Border State Pragmatist
Representing a border state with a large Latino population requires a nuanced position on immigration. Gallego supports a path to citizenship for undocumented immigrants and strong DACA protections, while acknowledging the real challenges of border management. His approach is more pragmatic than pure ideology — he knows Arizona voters care about functional border policy, not just rhetoric.
Labor Progressive
Gallego has a strong labor record, backing union organizing rights, minimum wage increases, and worker protections. His working-class background and ties to Latino working communities in Phoenix inform his economic politics. He has been a consistent vote for labor-friendly legislation and has positioned himself as an opponent of corporate consolidation that harms workers.
Electoral History
| Year | Race | Result | Margin |
|---|---|---|---|
| 2024 | Arizona Senate | Gallego 50.3% — Kari Lake (R) 46.5% | D +3.8 |
| 2022 | Arizona House CD-3 (re-election) | Gallego 68.2% — Uncontested general | D +large |
| 2020 | Arizona House CD-7 (re-election) | Gallego 73.9% — Jose Hernandez (R) 26.1% | D +47.8 |
| 2018 | Arizona House CD-7 (re-election) | Gallego 72.4% — Jennifer Jones (R) 27.6% | D +44.8 |
| 2016 | Arizona House CD-7 (re-election) | Gallego 76.5% — uncontested general | D +large |
| 2014 | Arizona House CD-7 (open seat) | Gallego 71.7% — Clair Van Steenwyk (R) 28.3% | D +43.4 |
The 2024 Race: Defeating Kari Lake
The Gallego vs. Lake Senate race was one of the most-watched contests of 2024. Lake had run a maximally Trumpist 2022 gubernatorial campaign — embracing election denial, attacking the media at every turn, and building a national MAGA profile that far outpaced her state support. She lost to Democrat Katie Hobbs by about 17,000 votes in 2022, then refused to concede and spent the next two years claiming the election was stolen. When she ran for Senate in 2024, she carried all that baggage while facing a disciplined, well-funded opponent in Gallego.

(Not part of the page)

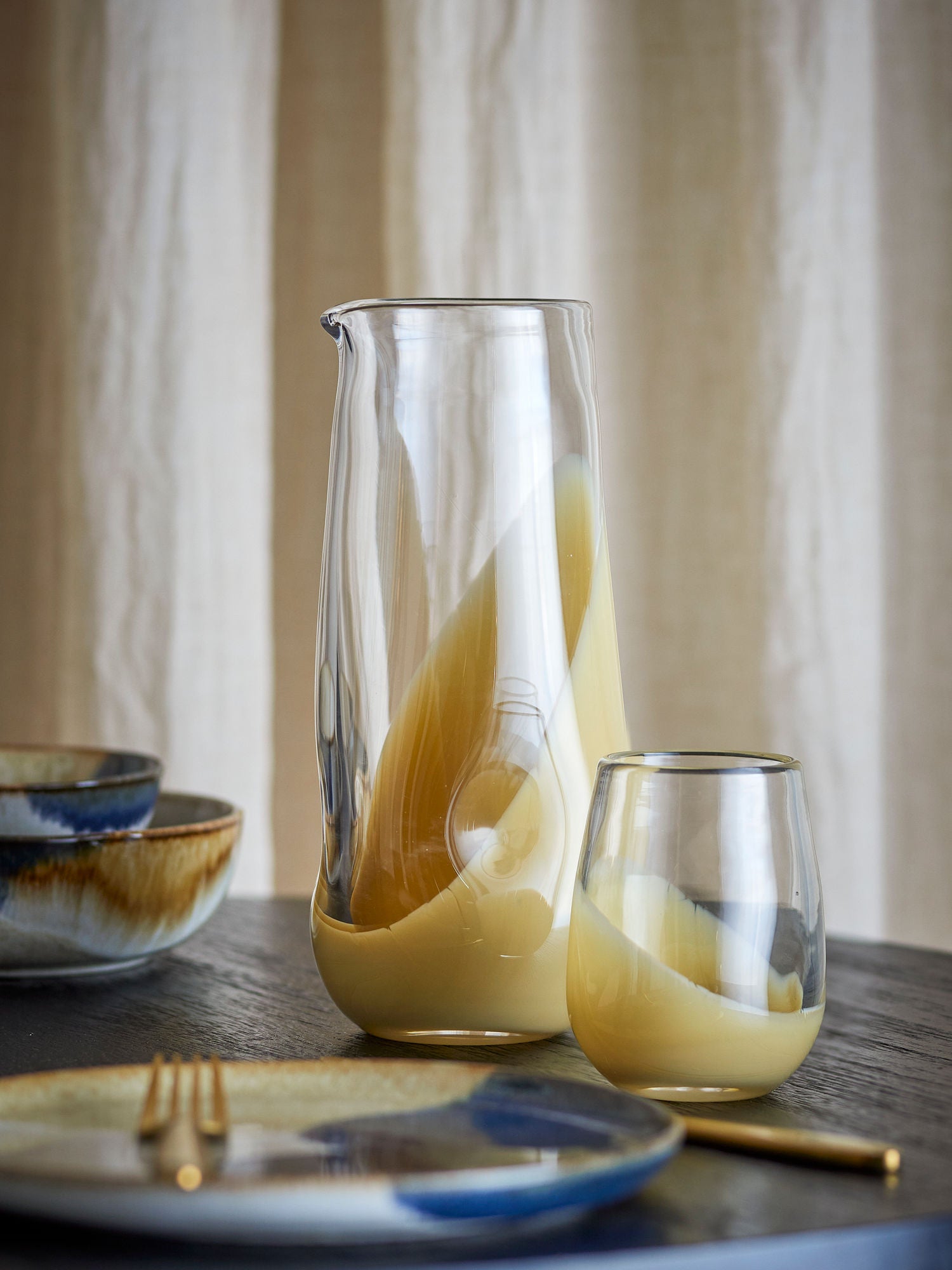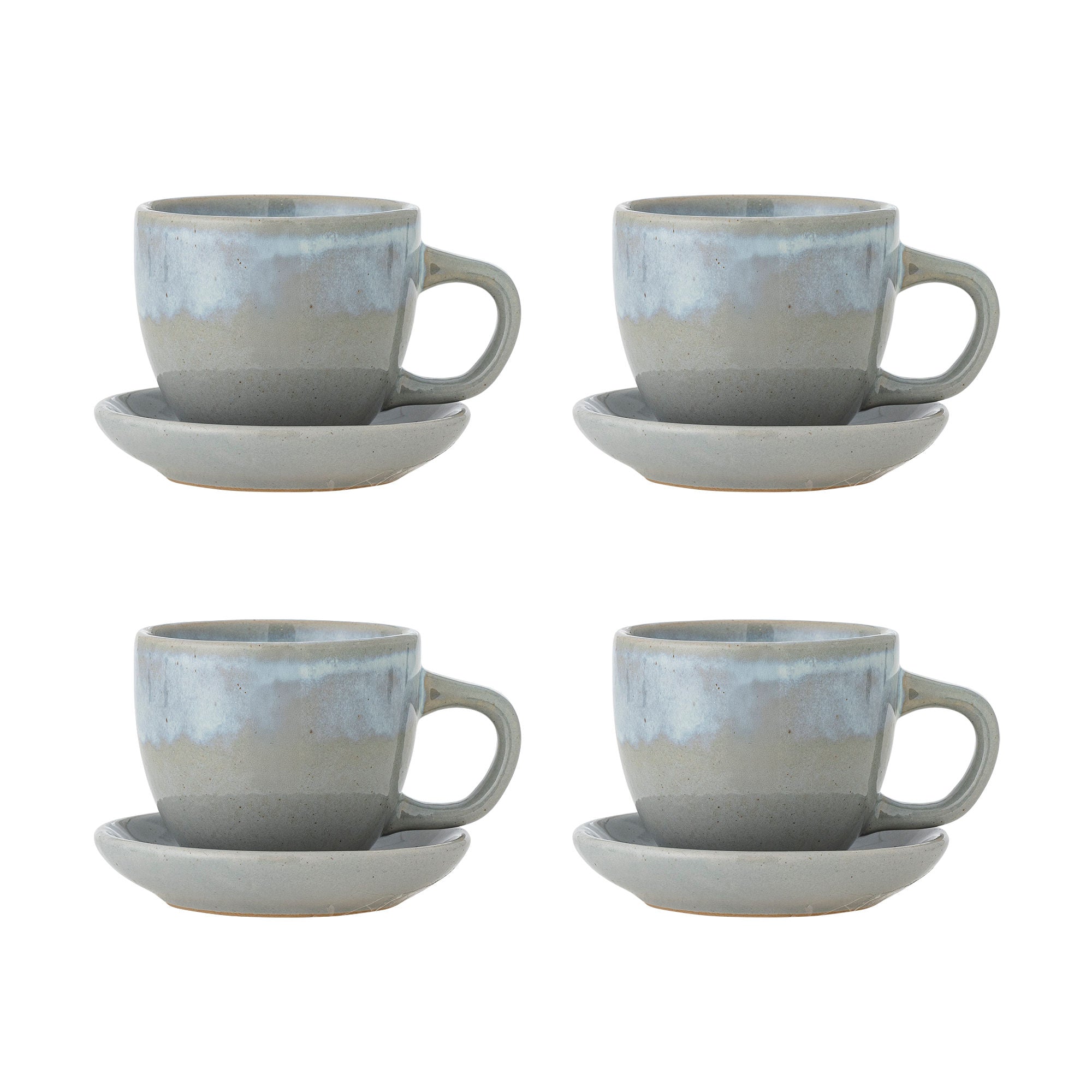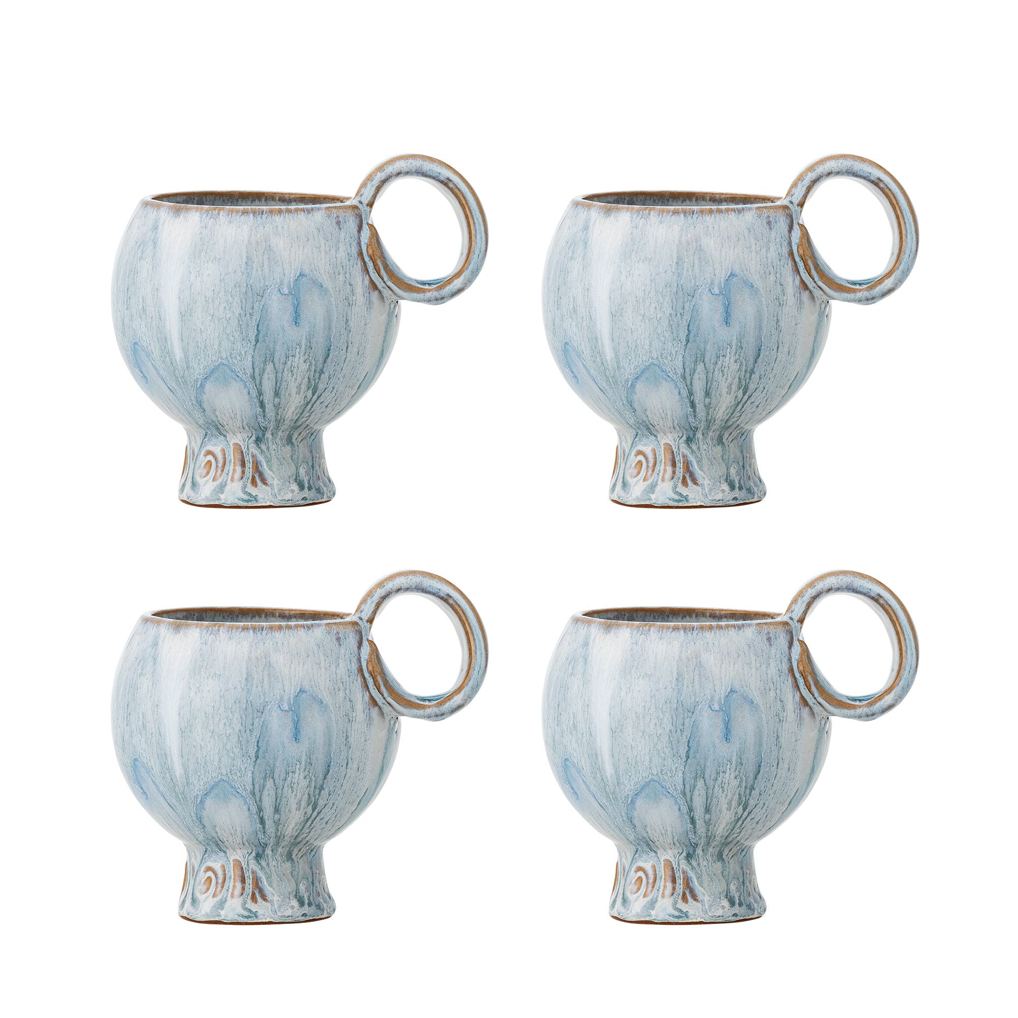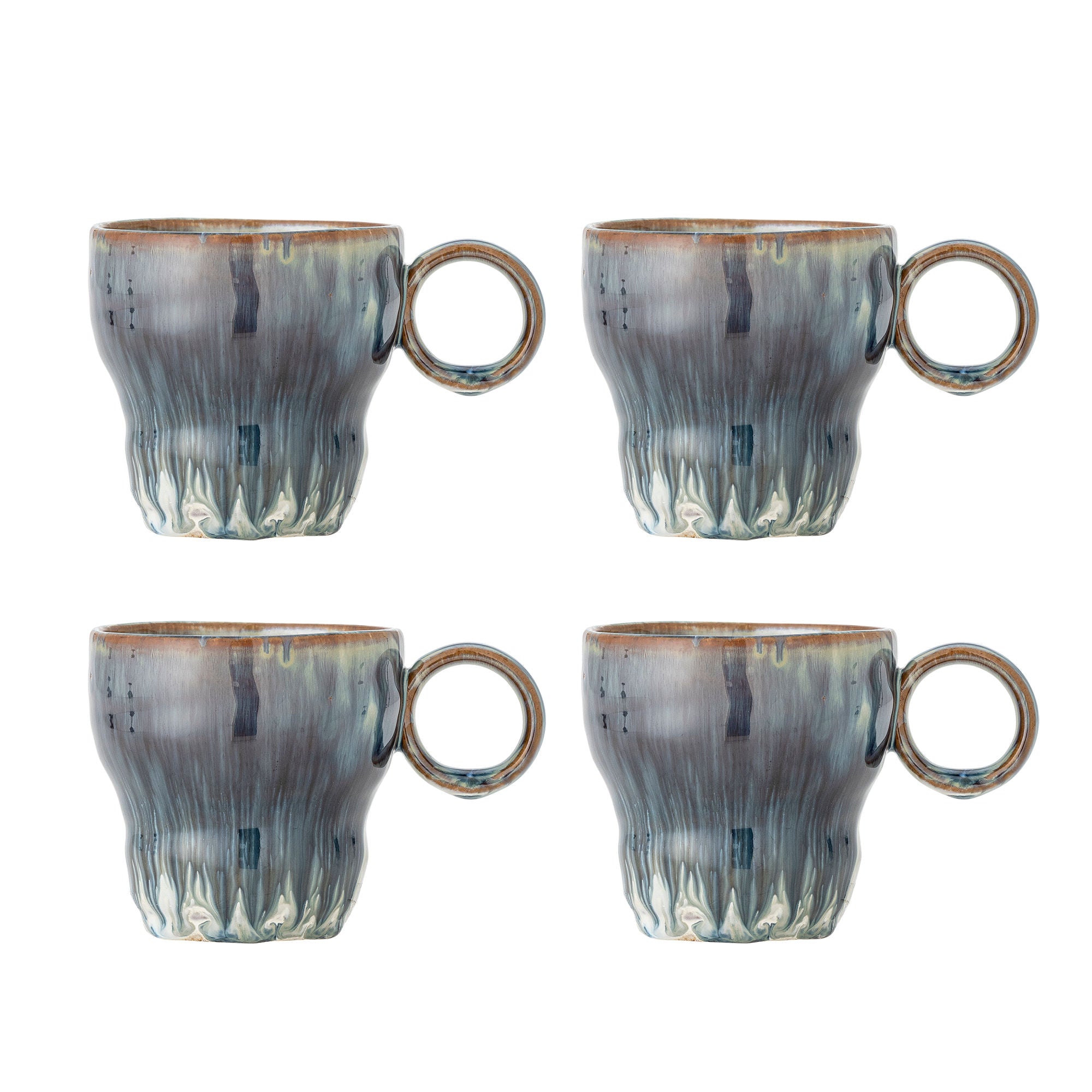 Deana Becher Set Steingut mit Reaktiver Glasur Blau Beige Streifen Unikate

Gallego ran a notably confident campaign, raising over $30 million and refusing to treat Lake as a serious governing candidate. He emphasized his own biography — veteran, working-class roots, Harvard, genuine Arizonan — while letting Lake's own statements do much of the damage. The result was a decisive Democratic hold in a state where Donald Trump also won the presidential race, suggesting Gallego meaningfully outperformed the top of the Democratic ticket through personal credibility and a superior ground game.